A survey conducted by an NGO called Children and Youth as Peace Builders (CAP) indicates that 1,036 people are missing in Gulu alone. A 2012 survey by JRP in Acholi sub-region covering 2,573 respondents indicates that 55.5% of respondents still have a family member missing from the conflict. Of those respondents, 60% have one family member missing; 24% have two family members missing; the remaining 16% have three or more family members missing, their whereabouts still unknown. The families, friends and relatives of these people continue to be held in suspense as a result of not knowing whether their loved ones are still alive or dead.
When JRP conducted research in a place called Corner Kilak in Pader District, we came across an old man whose son had been abducted. This old man said to us, “I am an old man. I need to see my son before I die.” I have never forgotten the words of this old man, and since I heard these words several years ago, I am not certain if this old man had his wish granted.
In another place called Obalanga in Amuria district, I came across a woman whose husband – the headmaster of a local primary school – had been abducted by the LRA and had never returned. This woman has since been kept in the dark about the whereabouts of her husband regarding whether he is dead or alive, and as a result she is not sure whether she is a widow or a wife.
In a village located in Gulu District, we came across parents of girls who were abducted in the early 1990s by soldiers of the National Resistance Army (NRA) as they conducted an operation. These girls were presumable taken to serve the soldiers as wives, but were never heard of again. Their families continue to be held in suspense regarding their whereabouts.
The quest for answers is not only limited to missing people who are assumed to still be alive. It also stretches to people relatives of people who lost their loved ones but have not had the opportunity to conduct proper burials simply because they do not have the remains or bones of their loved ones with which they can conduct the burials. In Obalanga for example, I came across a distressed young lady called Petra whose husband was not only killed by the LRA in a most gruesome manner, but after killing her husband the LRA cut off his head and went with it. Petra’s husband had to be buried headless. To date, Petra still hopes to discover the head of her husband in order to make his burial complete.
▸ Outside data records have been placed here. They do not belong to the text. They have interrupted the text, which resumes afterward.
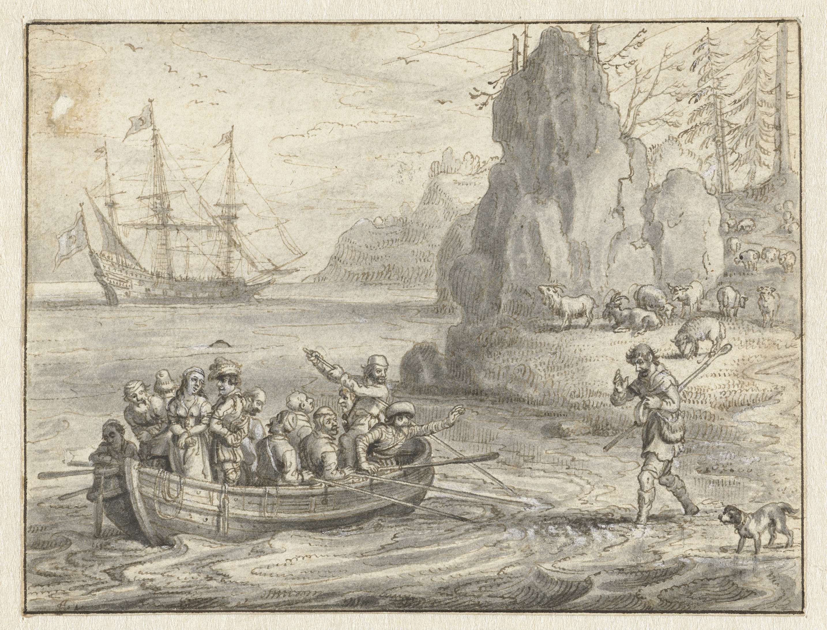 Scène uit de geschiedenis van Celadon en Galathee: een roeiboot met personen bij een kust waar ze begroet worden door een herder. Ontwerp voor een prent.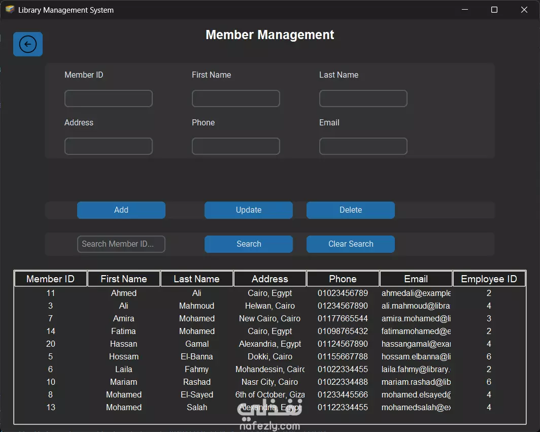 قمت بتطوير برنامج إدارة مكتبة باستخدام لغة Python وقاعدة بيانات SQLite. البرنامج يتيح إدارة الكتب والقراء وعمليات الاستعارة والإرجاع، مع إمكانية إضافة وتعديل وحذف واستعراض البيانات بسهولة. تم التركيز على تصميم قاعدة بيانات منظمة وتنفيذ العمليات الأساسية (CRUD)، مما يجعل النظام عمليًا وقابلًا للتطوير لإضافة مميزات مثل البحث والتقارير لاحقًا.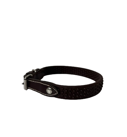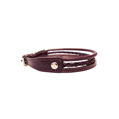 Le collier NINA est en cuir anglais, designé avec 3 lanières : ronde, plate et tressée.

In Acholi culture, just like in many other cultures in Northern Uganda, proper burials are called for, as it is not only a sign of respect for the dead, but also as a means of avoiding reprisals from the spirits of the dead. People who have not received the spirits of their loved ones will therefore continue to long for closure about how they died, and also to get back their remains so that they can conduct proper burials.
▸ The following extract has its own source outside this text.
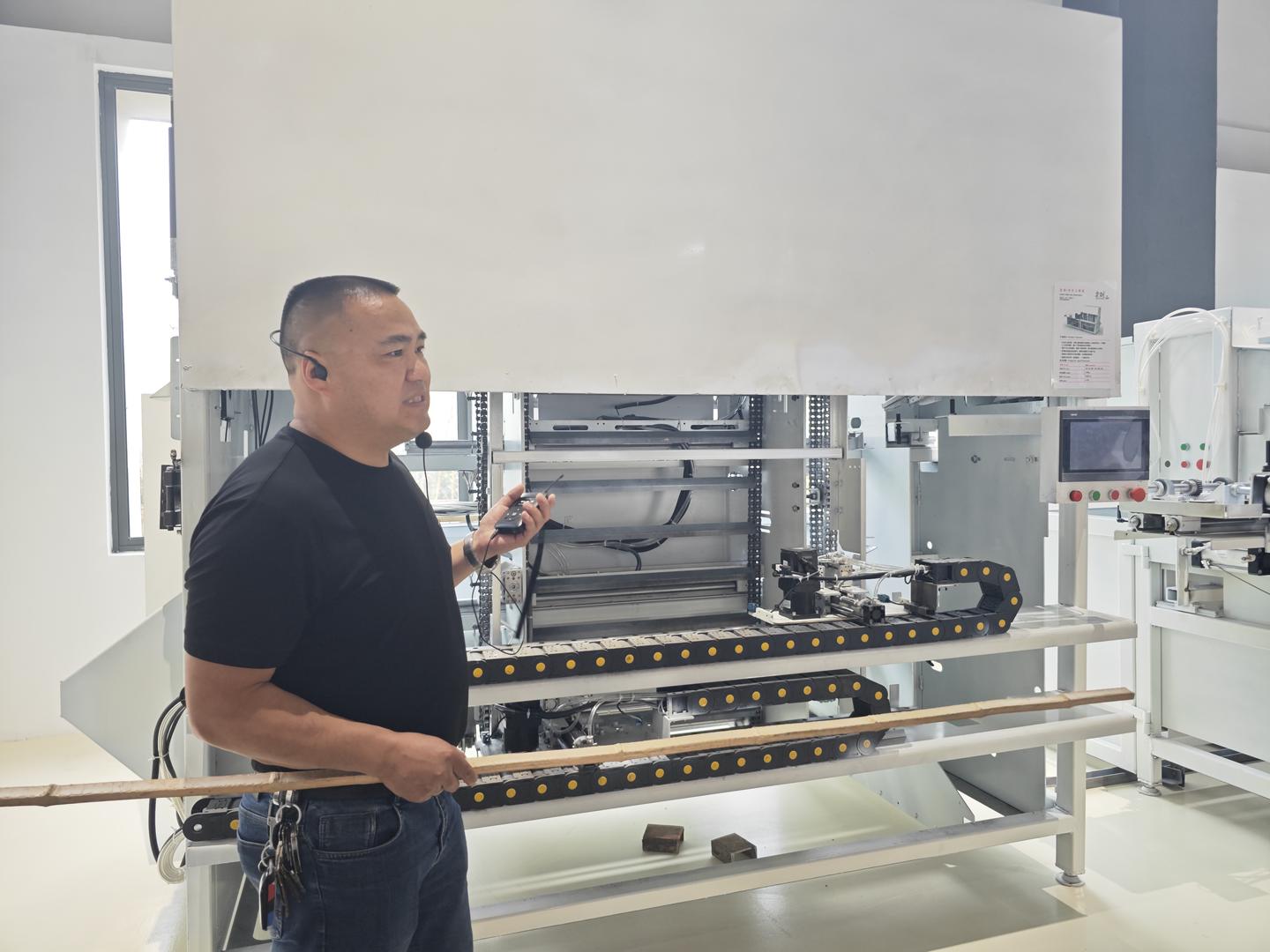 ▲钭伟勇介绍竹加工设备

The right to know also stretches to people who simply want to know the causes of the conflict, and why horrendous atrocities were committed against them. Many survivors of massacres continue to ask why they were subjected to inhumane treatment by fellow human beings who behaved like beasts towards them. In one village, (name withheld) we came across male and female survivors of rape perpetrated by NRA soldiers in the early 1990s. A woman narrated how she had been raped almost seventeen times by different soldiers. An old man narrated how he had been sodomized by two soldiers. Almost twenty years later, this village has a high incidence of HIV/AIDs as a result of this mass rape and sodomy. Such victims seek answers to why fellow human beings had to behave like beasts towards them.
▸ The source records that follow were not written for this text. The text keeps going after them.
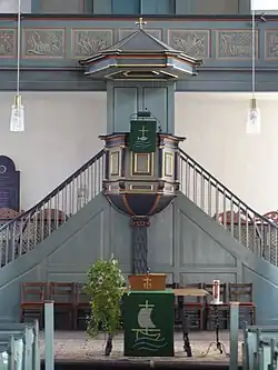 Kanzel, Abendmahlstisch und Orgel sind auf der Mittelachse angeordnet. Die polygonale, hölzerne Kanzel aus der Erbauungszeit der Kirche ruht auf einem Pfeiler und hat beidseitig einen Treppenaufgang. Sie wurde im Zuge der Emporenerweiterung für die Orgel vorgerückt. Die Kanzelfelder mit rechteckigen Füllungen werden von Ecksäulen begrenzt. Die marmorierten Säulen stehen auf kleinen Konsolen und enden in kleinen Kapitellen. Den oberen Abschluss des Kanzelkorbs bildet ein profilierter Gesimskranz. Der unregelmäßig sechseckige Schalldeckel ist reich profiliert und hat ein flaches Zeltdach mit schlichtem Kreuz als Bekrönung. Eine 1934 angebrachte Bemalung des Schalldeckels mit einem Bibelvers wurde 1961 wieder rückgängig gemacht.[25] Entsprechend reformierter Tradition verfügt die Kirche über keinen Altar, sondern über einen Abendmahlstisch, auf dem die offene Bibel liegt.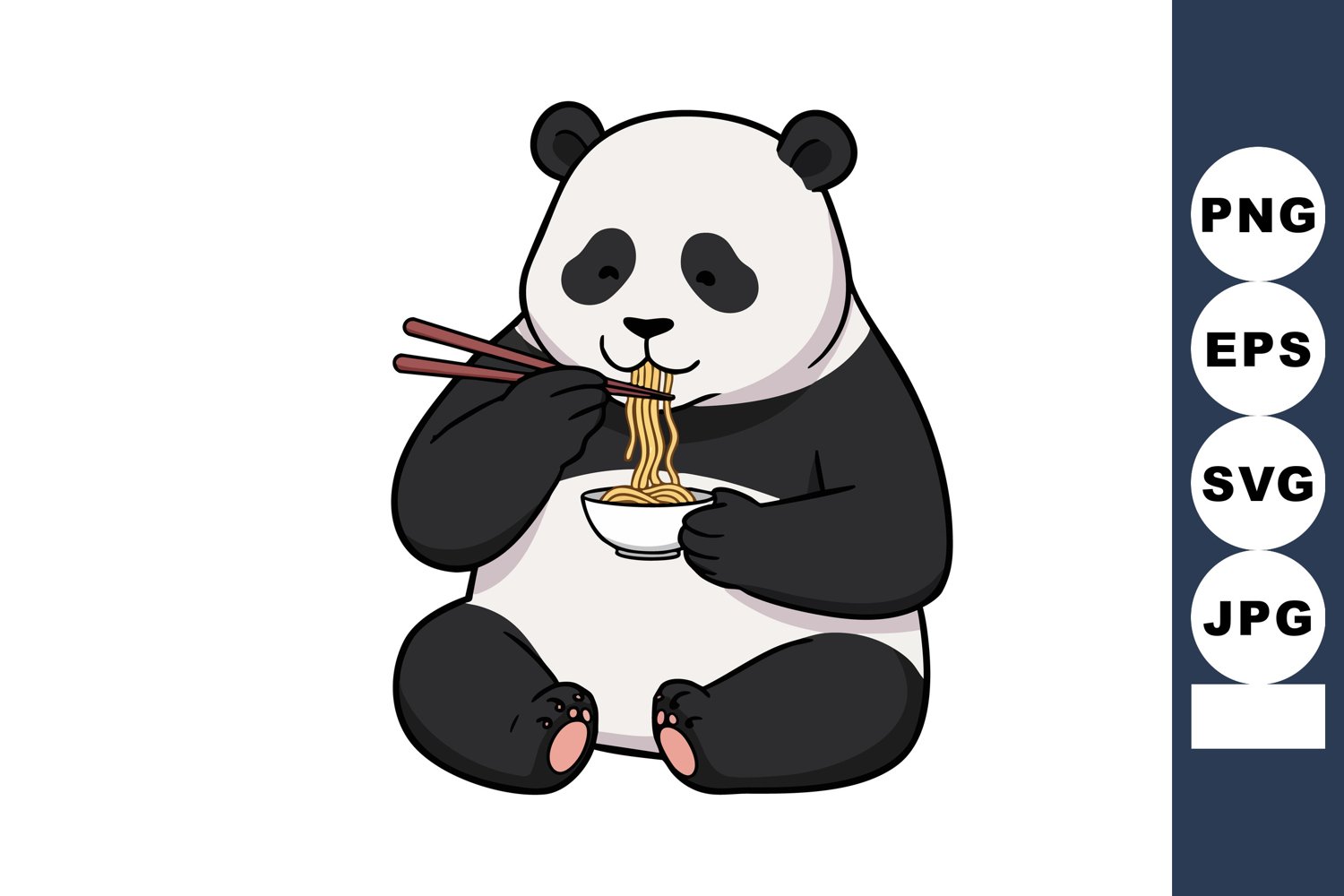 Panda eating noodles with chopsticks cute sitting cartoon ve example image 1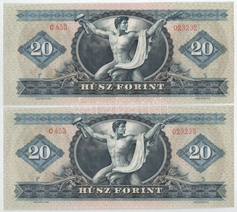 Leírás: 1969. 20Ft (2x) sorszámkövetők " C 453 023232 - C 453 023233" eltolódott nyomat T:AU hullámos papír Adamo F15
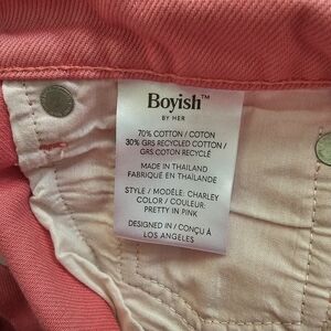 Boyish "The Charley" hugh rise rigid wide leg jeans in a salmon pink with button fly. Plant-based, organic, carbon neutral, recyclable, non-toxic!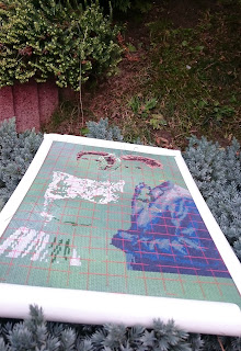 Powracam do tego portretu trochę z obawą. W lecie zarzuciłam wyszywanie, bo miałam problem z doborem nici. Sukienka i garnitur są prawie gotowe. Nie jestem do końca z nich zadowolona, ale już są. Fryzury gotowe. Mam nawet pomysł na bukiet panny młodej, żeby nie "wtopił się" w sukienkę. I jeszcze tylko buźki mi zostały. Młoda para nie może być żółta, ani zbyt brązowa. Mam już trzeci, czy czwarty zestaw nici i nie jestem przekonana. No, ale cóż - w końcu trzeba wziąć tego byka za rogi i dokończyć dzieło, które w tym momencie wygląda tak:
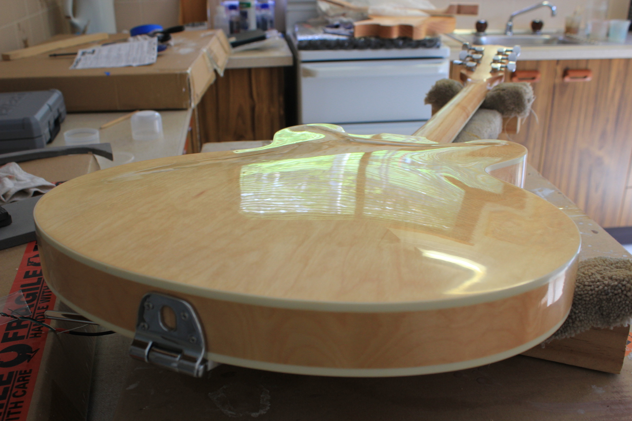 Note that I intended this guitar to be a workhorse instrument for gigging with, hence the reason for the way it currently looks, but, I might give it more of a glossy finish at a later date, I'm really liking the way the finish turned out so far, it turned out better than I expected given the amount of trouble I had with the Gold Strat finish, incidentally, I will see if I can get the Gold Strat finished next year because I think I can salvage it.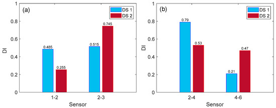 Using these identified modes, flexibility matrices for both the undamaged and damaged states were synthesized, and the damage indices were computed based on the relative changes in the diagonal entries of the flexibility matrix, following the same procedure as in the numerical case. Figure 13 presents the computed damage indices for these cases. Based on this figure, the flexibility-based approach initially misidentifies the region around sensor 1 as the potential damage location, leading to a mislocalization in the first damage case (DS1). However, with an increased load and progression of damage in DS2, the method improves and correctly locates the damage around sensor 2.

As Northern Uganda continues to recover from the impacts of the conflict, the time is overdue for the implementation of transitional justice post-conflict recovery programs. With every day that passes, the need to engage in reparative programs for victims grows more urgent. Among these is the need to set up a truth recovery program aimed at providing answers for families of the missing and survivors of conflict. ▪
Lino Owor Ogora is the team Leader for the Community Documentation Department of JRP.